When a remote index is initialized for the very first time, a few steps are carried out to install the index.

Clone the relevant repository into a cache folder (./.tools by default).
Create a dedicated virtual environment at <cache_folder>/<remote_index_name/.venv
Install any dependencies into the virtual environment (venv)

These steps are skipped in future runs.

Loading the tools

Then, the tools.toml file is parsed to retrieve the list of declared tools.

Since the remote index may have different dependencies from the main script, the tools cannot be naively imported into the main frame. Instead, the tools are imported and executed via a subprocess call that uses the dedicated remote index venv.

For each tool, we create a pseudo-tool function that wraps the subprocess call. This wrapper has the same signature as the original tool, including the function name, argument types, docstring, whether it is async etc. The pseudo-tool function is then inserted into Index.tools.

A caveat of this implementation is that certain argument types may not be supported.
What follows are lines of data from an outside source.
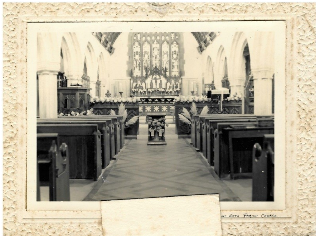
ST. ERTH PARISH CHURCH

With Sincere Christmas Greetings and Good Wishes for Every Happiness in the New Year from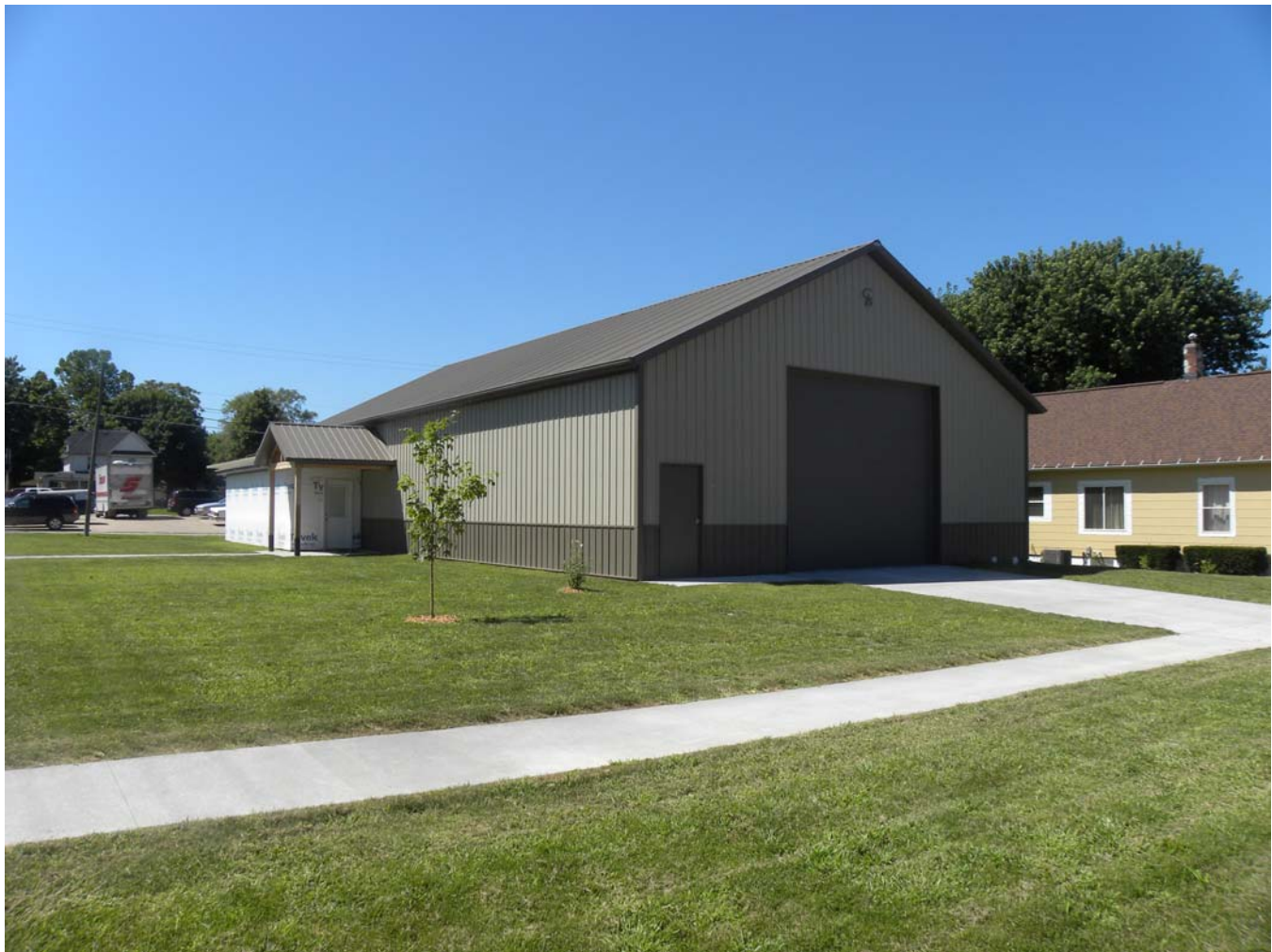
Photograph 92-00808-001 - Building, looking southwest (July 2015)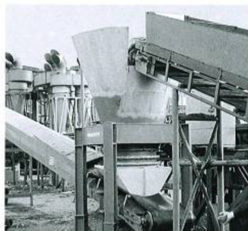
Bark Shredder with feeding and evacuation devices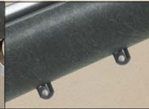
Bi-pod and Sling Swivel Studs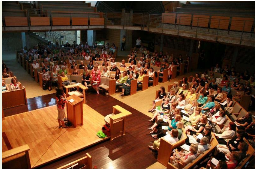
Wonderful member turnout at the 2009 Annual Meeting

Our vision is that our women are inspirational role models reaching their full giving potential for a better quality of life in our community. We will ensure our long-term sustainability by tapping into the talents of our members and building Impact Austin from the "inside out."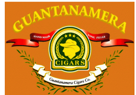
GCC’s GUANTANAMERA logo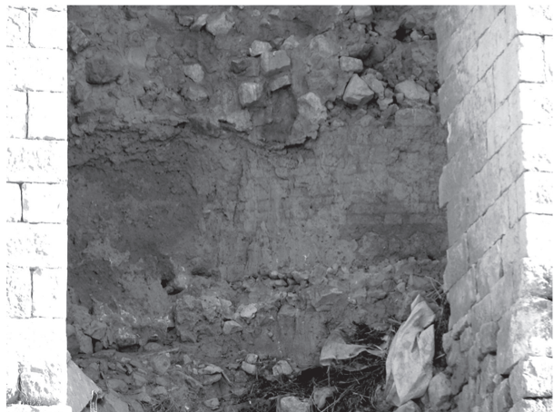
Figure 4: Sector C. The archaeological layers behind the pillars of the Medieval buttress show a thick mudbrick wall, a probable continuation of the Bronze Age (?) rampart. View to the north.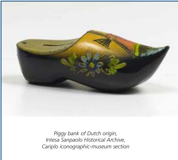
Piggy bank of Dutch origin, Intesa Sanpaolo Historical Archive, Cariplo iconographic-museum section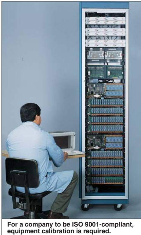
For a company to be ISO 9001-compliant, equipment calibration is required.

technology would ever need to be calibrated. The answer is that virtually all equipment degrades in some fashion over time, and electronic equipment—a mainstay of the manufacturing process—is no exception. As components age, they lose stability and drift from their published specs. Even normal handling can adversely affect calibration, and rough handling, of course, can throw a piece of equipment completely out of whack (though it may appear perfectly fine).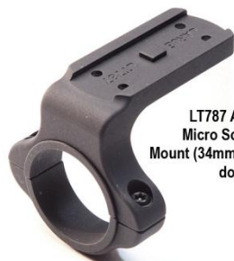
LT787 Aimpoint Micro Scope Ring Mount (34mm w/ 30mm step down)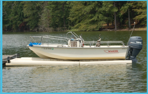
Our drive on boat docks are easy parking and launching in shallow water.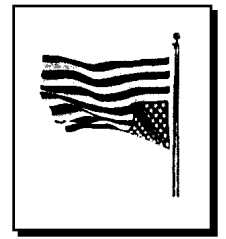
Nation in Distress

The fact that a man is ignorant, or even stupid, doesn't give someone else the right to make his decisions for him.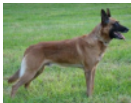
Tyra van de Vroomshoeve (Malinois)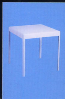
TB02 方桌 Square Table (l)750x(w)750x(h)750mm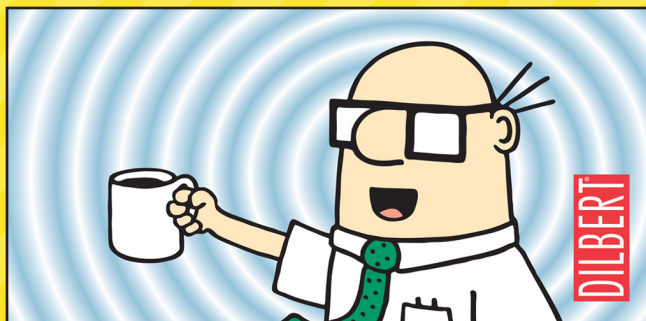
WALLY - Engineer and cynical employee who has no sense of company loyalty.

DILBERT® means business. Anybody who works in an office or deals with bureaucracy relates to Dilbert's plight. Created by Scott Adams, DILBERT® addresses issues ranging from office-envy/challenges to new technology and the mayhem they produce. Create your own office-envy and "lighten up" the workplace with DILBERT® Sky-Scapes®!

Specifically, the following argument types are supported and preserved in the wrapper:

Basic Python types including str, int, float, bool
dict, including type arguments e.g. dict[str, str]
list, including type arguments e.g. list[str]
Optional and Union, including type arguments e.g. Optional[str]
Literal, including listed values e.g. Literal["foo", "bar"]
TypedDict classes, including attribute names and types
Enum classes, including enum values

The following non-exhaustive list of argument types are not supported:

Custom classes, including classes inherited from Pydantic's BaseClass
Any class type whose argument includes an unsupported custom class e.g. Optional[CustomClass]

Execution

Finally, when a remote index's tool is executed via Index.execute, the pseudo-tool function is called. This triggers the subprocess call and executes the actual function within the venv, with the required dependencies and any passed environment variables.

Importantly, any resulting output is encoded as a JSON string and decoded at the end of the subprocess call. This means that the tool must always return a JSON-serializable output.

Since the pseudo-tool function is also exposed via Index.tools, something like index.tools[0](kwargs) will also run the underlying tool within the venv in the same manner.